Blog

From raw telematics data to optimized fleet performance: The PySpark approach

As urban mobility evolves, electric scooters and bikes are transforming how people navigate cities. However, this transformation brings pressing operational challenges to fleet operators, especially when it comes to understanding and reducing vehicle downtime. While traditional analytics often fall short in pinpointing these inefficiencies, the fusion of telematics data with advanced big data tools like Apache Spark and Python's Pandas library offers a breakthrough.

In this article, we will follow a real-world case study leveraging Navixy’s Raw Data API, continuing to showcase a complete data-driven strategy — from cleaning and validating the data all the way to segmenting it spatially and visualizing inefficiencies in Looker Studio.

By applying this method, system integrators and tech-savvy operators can gain granular insights into vehicle idle patterns, redistribute the fleet more intelligently, and significantly boost overall fleet efficiency. This data-centric approach is a blueprint for transforming raw signals into strategic actions. It is universal and can be applied to any other scenario.

Case study: A big business from a small ride

According to Cognitive Market Research, the global electric scooter sharing market size will reach $2,142.5 million in 2025. It will expand at a compound annual growth rate (CAGR) of 17.00% from 2025 to 2033.

Kicksharing services are revolutionizing urban transportation by providing a more sustainable option compared to traditional methods. For example, in the first two days after the launch of the electric scooter sharing service in Mexico City, two thousand trips were made. Another example is Berlin, where electric bicycles have seen a surge in popularity, with over 2 million rides recorded in 2021. However, this rapid expansion comes with its own set of challenges for operators, such as efficiently managing fleet distribution, ensuring scooters are available where demand is high, and minimizing operational costs.

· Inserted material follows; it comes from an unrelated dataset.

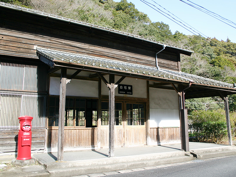 白石駅は明治41に当時の鹿児島本線の駅として開業しました。その時建設された木造の駅舎は、無人駅ながら今でも使用されています。駅前には昔懐かしい丸型ポストも健在です。
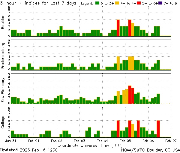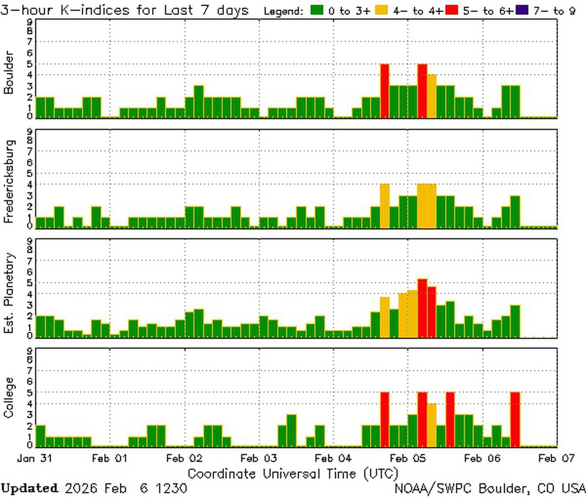 Аналитики ожидают, что 7 февраля индекс геомагнитной активности Kp опустится до отметки 1.6 в середине дня, но к полуночи снова вырастет до предбуревого уровня 4.0. 8 февраля ожидается геомагнитная буря класса G1.

One of the major hurdles involves managing periods when electric bicycles are not in use. Extended non-usage times can lead to inefficiencies in operations, reduced revenues, and increased maintenance needs. To tackle these issues, the industry is increasingly turning to big data analytics. By effectively analyzing raw data, companies can gain valuable insights that improve strategic decision-making. This example highlights the importance of raw data in leveraging big data for a variety of applications, which depend greatly on the depth of analysis performed.

While big data holds great promise for transforming industries and fostering innovation, it also brings several notable challenges. A primary issue is the enormous volume and complexity of the data, which necessitates a robust infrastructure and advanced technologies for efficient storage and processing. The article ‘Small steps to big data: How to retrieve telematics data at Navixy for further analysis’ covers the subject of data retrieval.

Another significant concern is data quality; it must be accurate, complete, and consistent to draw reliable insights. Additionally, integrating data from diverse sources can be quite complex and presents its own set of difficulties.

We will demonstrate how to ensure data quality through cleaning, validation, and utilizing big data tools such as the Pandas library in Python or the Spark tool for data aggregation and transformation.

How to clean and validate data for accurate analysis

Once you have retrieved the raw data for your mobility units, it is crucial to validate and clean the data to ensure its accuracy and reliability. Raw data can often contain discrepancies, such as spikes in locations or attributes. For example, the speed transmitted by a tracker could be abnormally high, or the latitude and longitude could have discrepancies due to a weak GPS signal. These issues can significantly impact the accuracy of your analysis. The steps listed below can be applied based on your specific needs to address these discrepancies and ensure high data quality.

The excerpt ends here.